Обладая от природы пылким и живым темпераментом и даже питая склонность к светским развлечениям, я вынужден был рано уединиться и вести одинокую жизнь. Если же иногда я решался пренебречь всем этим — о, как жестоко загонял меня назад мой ослабевший слух, заставляя скорбеть с удвоенной силой. И я все-таки не мог сказать людям: «говорите громче, кричите, ведь я глух», — ах, разве мыслимо мне было признаться в слабости того чувства, которым я должен был обладать в большем совершенстве, чем кто-либо другой, в чувстве, которым я некогда обладал в наивысшей степени совершенства, такого совершенства, каким, я уверен, наделены или были наделены лишь немногие люди моей профессии. О нет, это выше моих сил, и потому простите меня, если я отдаляюсь от вас, когда мне хотелось бы побыть в вашем кругу.

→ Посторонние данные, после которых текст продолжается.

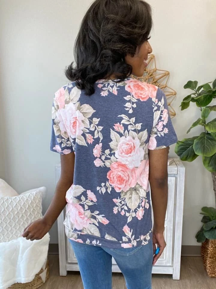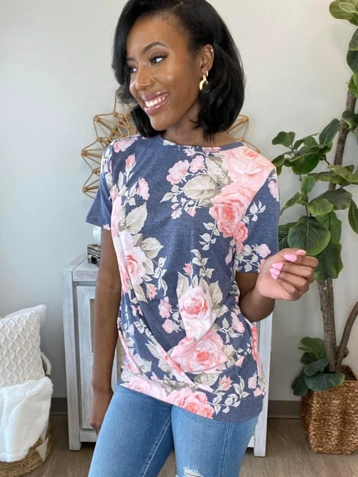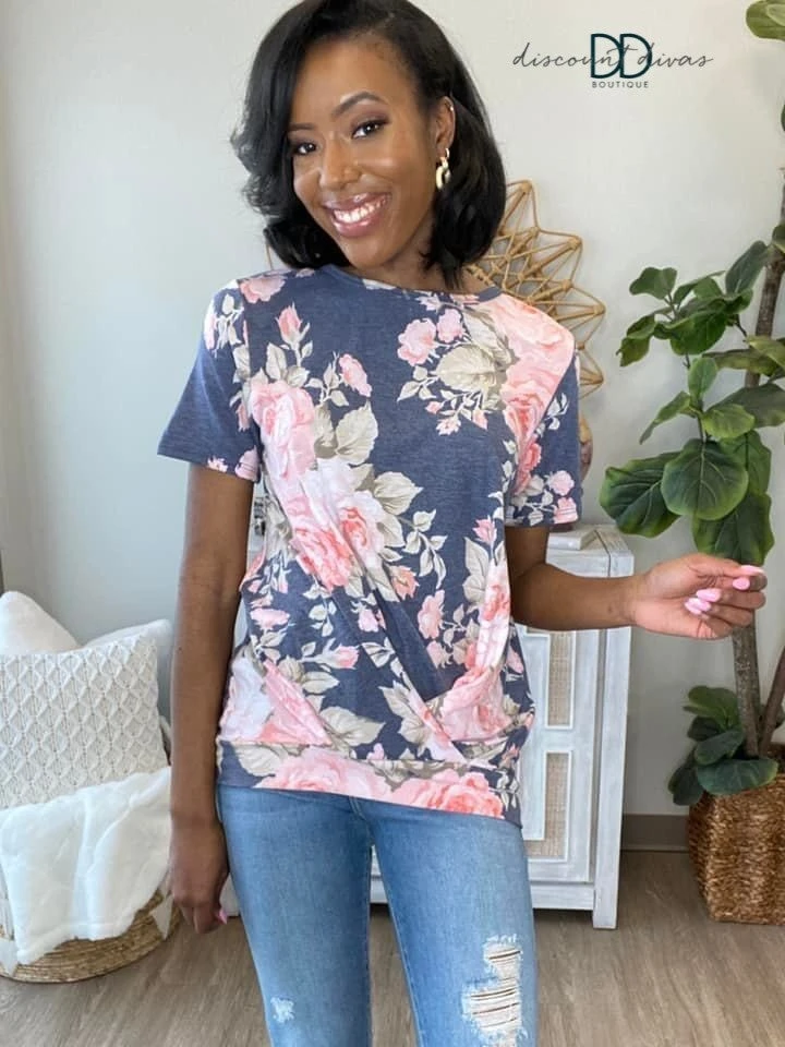 The “Be There Soon Top” has arrived! This floral print top is a must have! With a front layer detail, you do not want to miss out here! Pair with denim and sandals for the perfect look! Snag one before they are gone!

Мое несчастье причиняет мне двойную боль, поскольку из-за него обо мне судят ложно. Для меня не должно существовать отдохновения в человеческом обществе, умных бесед, взаимных излияний; я обречен почти на полное одиночество, появляясь на людях лишь в случае крайней необходимости; я вынужден жить как изгой. Ведь, стоит мне приблизиться к какому-нибудь обществу, меня охватывает жгучий страх: я ужасно боюсь, что мое состояние будет замечено. Так было и эти полгода, которые я провел в деревне. По требованию моего благоразумного врача я должен был елико возможно щадить мой слух. Это почти совпало с моей теперешней естественной склонностью, хотя иногда, увлекаемый потребностью в обществе, я позволял себе уступить искушению. Но какое же унижение я испытывал, когда кто-нибудь, стоя возле меня, слышал вдалеке звук флейты, а я ничего не слышал, или он слышал пение пастуха, а я опять-таки ничего не слышал.

Такие случаи доводили меня до отчаяния, и недоставало немногого, чтобы я не покончил с собой. Лишь оно, искусство, оно меня удержало. Ах, мне казалось немыслимым покинуть мир раньше, чем я исполню всё то, к чему чувствовал себя предназначенным. И так я продолжал влачить эту жалкую жизнь — поистине жалкую для столь восприимчивого существа; ведь любая неожиданная перемена была способна превратить наилучшее расположение моего духа в наихудшее. Терпение — так отныне зовется то, чем я должен руководствоваться. У меня оно есть. Надеюсь, что я смогу надолго утвердиться в моей решимости, пока неумолимым Паркам не будет угодно перерезать нить. Возможно, станет лучше, возможно, нет — я готов ко всему. Уже на 28 году жизни я принужден стать философом; это нелегко, а для артиста труднее, чем для кого-нибудь другого.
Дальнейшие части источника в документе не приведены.